I don't know if it's like this for everyone, but dream emotions stay with me into the following day, clinging like the threads caterpillars stretch across paths through the woods or webs spiders spin between the car and my deck railing. And just as hard to shake off. I remember telling Pete that I'd had a dream wherein I was pissed off at him and asked him to forgive me if I tried to pick a fight.
When I read my old journals, they seem like the rantings of a teenager - everything is SO big and SO not like anything I've ever felt and SO...whatever. I was 32 seven years ago - old enough to have earned a little perspective.
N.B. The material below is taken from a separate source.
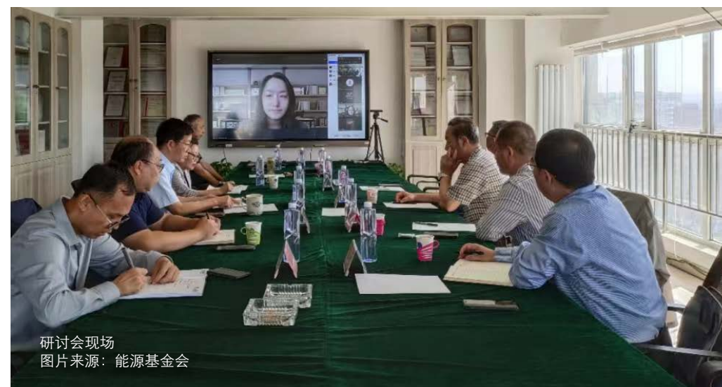
研讨会现场

下一阶段项目组将继续深入研究，一方面延伸能源保供与产业绿色低碳转型共赢理论的技术层面研究，另一方面启动相关领域的实地调查研究。

I hadn't felt anything like panic in the week since the end of my long-term relationship but started to get a little anxious after reading my journal. Nothing in my life seemed to last very long - social circles, jobs, relationships, etc. OMG! Alone again! What am I going to do? My life read like a series of choppy episodes rather than a coherent narrative and now here I am again - except where am I?
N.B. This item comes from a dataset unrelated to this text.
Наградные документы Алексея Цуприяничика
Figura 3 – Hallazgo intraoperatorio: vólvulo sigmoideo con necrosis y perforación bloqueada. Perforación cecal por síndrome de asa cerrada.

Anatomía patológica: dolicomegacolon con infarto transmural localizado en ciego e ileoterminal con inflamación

I am in the same job where I've for six years, in the same house where I've been for five, with the same cat I've had for - yikes, almost eight years? We're no longer dating but Pete and I still have a relationship, as evidenced by my urge to call him as soon as I heard Kyle Busch had been knocked out of the Cup race early only to find he'd already texted me about somebody finally winning the Nationwide race (somebody other than Busch). I've been going to meetings for 12 years and will keep doing so; I've been participating with my coven for four years; I've been taking hatha yoga and exploring a more Yoga (all eight limbs)-centric spiritual path for a year and a half.
I don't have to anticipate my whole world spinning out of orbit - I don't have to allow it to. Yes, this is an ending and thus a beginning, but not necessarily of everything I know. There's no need to go running back to my past in search of something that feels familiar. There's no need to panic. Everything is okay here and now and will continue to be so as long as I keep doing the next right thing.
And today the next right thing is to leave the sticky feelings from past in the past rather than allow them to get all over now. And maybe make myself feel better about me by re-reading some of this LJ, where backspace and delete make things look much less chaotic.